Each line of the data is to be output verbatim, with the images removed.
Dataset excerpt Start Marker
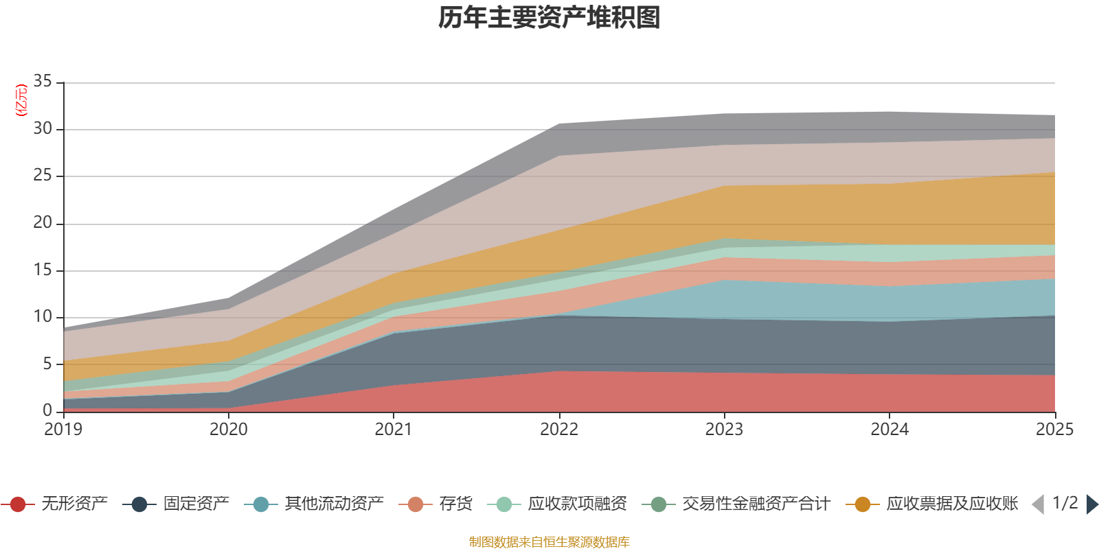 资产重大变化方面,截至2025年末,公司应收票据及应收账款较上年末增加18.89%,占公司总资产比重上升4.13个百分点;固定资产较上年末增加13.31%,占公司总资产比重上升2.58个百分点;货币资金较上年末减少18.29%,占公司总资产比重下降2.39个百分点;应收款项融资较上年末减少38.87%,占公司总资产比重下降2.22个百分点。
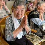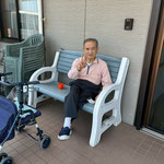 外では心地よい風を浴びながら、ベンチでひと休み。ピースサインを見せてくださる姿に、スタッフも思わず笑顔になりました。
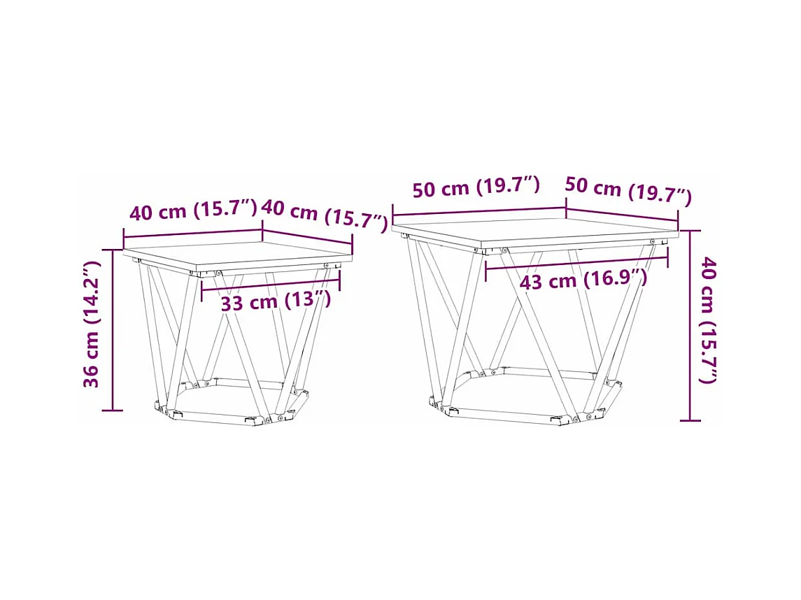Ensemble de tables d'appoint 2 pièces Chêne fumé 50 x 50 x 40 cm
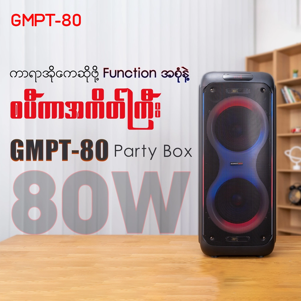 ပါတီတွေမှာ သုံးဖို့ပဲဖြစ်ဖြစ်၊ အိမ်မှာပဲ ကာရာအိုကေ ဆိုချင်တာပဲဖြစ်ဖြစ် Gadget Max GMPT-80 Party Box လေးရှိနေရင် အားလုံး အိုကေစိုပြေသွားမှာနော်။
Dataset excerpt End Marker
[Answer section]:
 资产重大变化方面,截至2025年末,公司应收票据及应收账款较上年末增加18.89%,占公司总资产比重上升4.13个百分点;固定资产较上年末增加13.31%,占公司总资产比重上升2.58个百分点;货币资金较上年末减少18.29%,占公司总资产比重下降2.39个百分点;应收款项融资较上年末减少38.87%,占公司总资产比重下降2.22个百分点。
 外では心地よい風を浴びながら、ベンチでひと休み。ピースサインを見せてくださる姿に、スタッフも思わず笑顔になりました。
Ensemble de tables d'appoint 2 pièces Chêne fumé 50 x 50 x 40 cm
 ပါတီတွေမှာ သုံးဖို့ပဲဖြစ်ဖြစ်၊ အိမ်မှာပဲ ကာရာအိုကေ ဆိုချင်တာပဲဖြစ်ဖြစ် Gadget Max GMPT-80 Party Box လေးရှိနေရင် အားလုံး အိုကေစိုပြေသွားမှာနော်။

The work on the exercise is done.